▶ [EXERCISE]:
Each line below from the one containing "Private users bore" through the one containing "The Ancona Oak" is to be given again exactly, and no line outside that span.

▶ [SUPPLIED MATERIAL]:
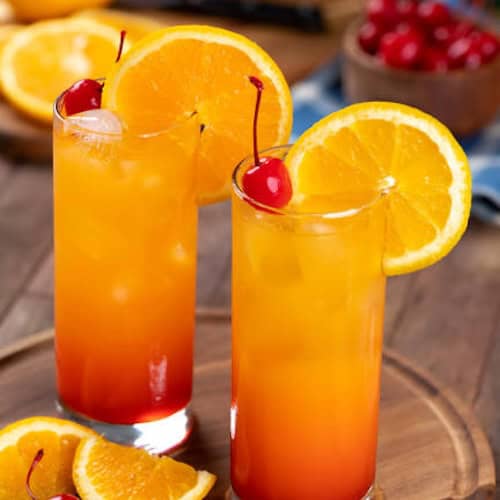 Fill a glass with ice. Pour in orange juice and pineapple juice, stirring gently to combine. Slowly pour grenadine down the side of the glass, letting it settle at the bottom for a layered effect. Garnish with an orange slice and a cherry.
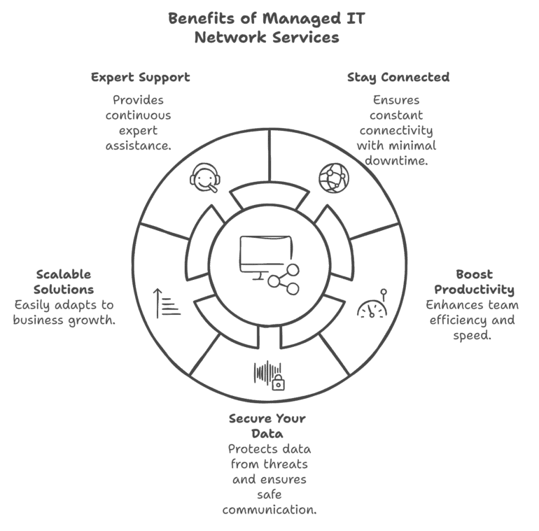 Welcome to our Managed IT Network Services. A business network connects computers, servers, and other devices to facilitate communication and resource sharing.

...

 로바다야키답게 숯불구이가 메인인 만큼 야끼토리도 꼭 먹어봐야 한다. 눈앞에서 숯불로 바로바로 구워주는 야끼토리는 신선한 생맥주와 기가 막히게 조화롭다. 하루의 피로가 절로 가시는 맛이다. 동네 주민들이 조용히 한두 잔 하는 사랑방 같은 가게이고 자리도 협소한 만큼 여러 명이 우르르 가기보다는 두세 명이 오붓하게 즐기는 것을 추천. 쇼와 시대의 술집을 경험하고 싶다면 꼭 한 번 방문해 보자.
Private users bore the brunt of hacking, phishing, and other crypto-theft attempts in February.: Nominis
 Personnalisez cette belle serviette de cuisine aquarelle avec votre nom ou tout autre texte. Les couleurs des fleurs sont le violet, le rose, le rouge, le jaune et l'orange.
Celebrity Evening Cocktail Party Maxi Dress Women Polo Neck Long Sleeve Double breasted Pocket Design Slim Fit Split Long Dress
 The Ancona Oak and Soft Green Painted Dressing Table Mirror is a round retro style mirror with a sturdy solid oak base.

▶ [EXERCISE RESULT]:
Private users bore the brunt of hacking, phishing, and other crypto-theft attempts in February.: Nominis
 Personnalisez cette belle serviette de cuisine aquarelle avec votre nom ou tout autre texte. Les couleurs des fleurs sont le violet, le rose, le rouge, le jaune et l'orange.
Celebrity Evening Cocktail Party Maxi Dress Women Polo Neck Long Sleeve Double breasted Pocket Design Slim Fit Split Long Dress
 The Ancona Oak and Soft Green Painted Dressing Table Mirror is a round retro style mirror with a sturdy solid oak base.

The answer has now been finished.